◆ **Given information**:
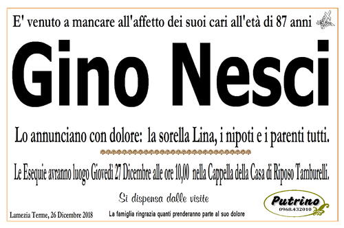 Le Esequie avranno luogo Giovedì 27 Dicembre alle ore 10,00 nella Cappella della Casa di Riposo Tamburelli.
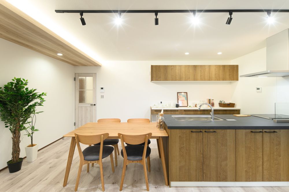 ライトブラウンの床と天井が、家族の集う場所を優しく彩ります。
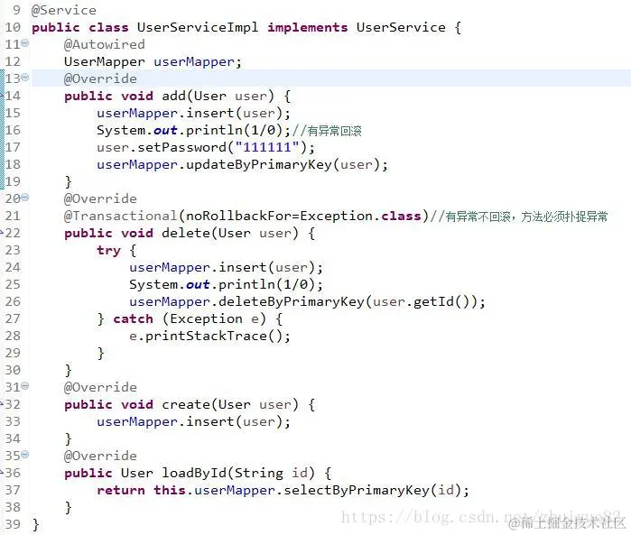 第29-31行:设置事务的传播机制为 PROPAGATION_REQUIRED,且为只读事务。这里与以前在SpringMVC通过XML方式整合mybatis是有点不一样,在XML里时为<tx:method name="load*" propagation="SUPPORTS" read-only="true"/>,转播机制为SUPPORTS,是可以为只读事务的,而在这里将传播机制设为 PROPAGATION_SUPPORTS,只读事务不起作用,原因我没有去查,如果有哪位同学知道,请告诉我。
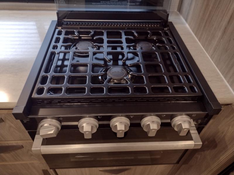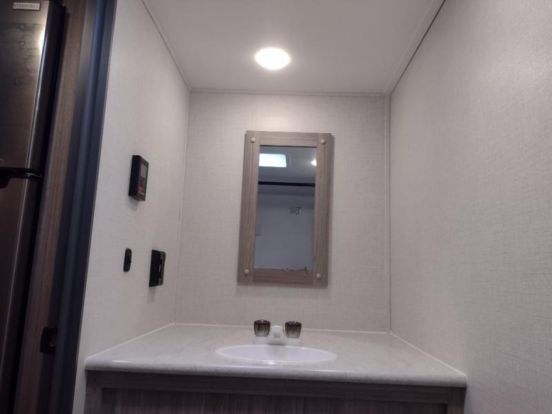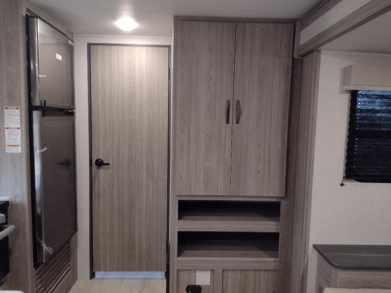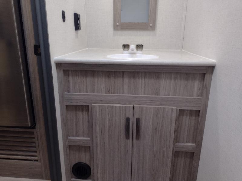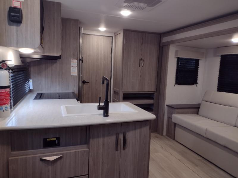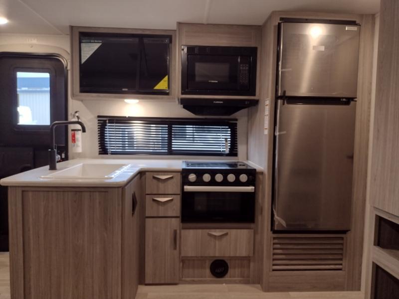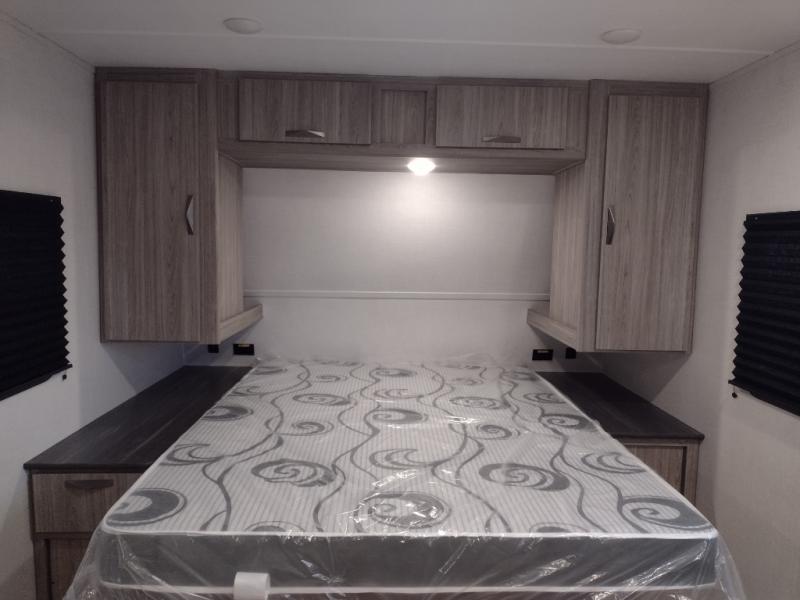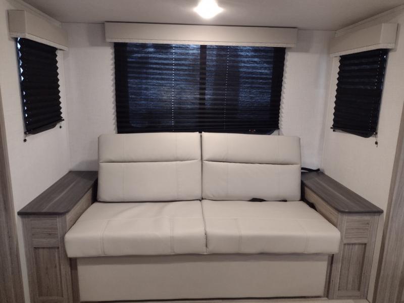 This is the perfect couple's trailer for weekend trips to the campground. You can set up the patio awning when you arrive, then unload the pass-thru storage before heading out on a trail. The full rear bath inside will let you freshen up when you get back, and there is a jack knife sofa slide where you can relax in the air conditioning. A two burner range and microwave oven lets you make dinner when you're hungry, and a large double door 12V refrigerator will be perfect to keep food fresh. This unit also includes a front queen bed with dual wardrobes and nightstands plus a privacy curtain if you have someone staying over on the sofa!

◆ **Work required**: Everything from the top line of the data down to and including the line with "ライトブラウンの床と天井が、家族の集う場所を優しく彩ります。" is to be copied, except the pictures.

◆ **Written solution**:
 Le Esequie avranno luogo Giovedì 27 Dicembre alle ore 10,00 nella Cappella della Casa di Riposo Tamburelli.
 ライトブラウンの床と天井が、家族の集う場所を優しく彩ります。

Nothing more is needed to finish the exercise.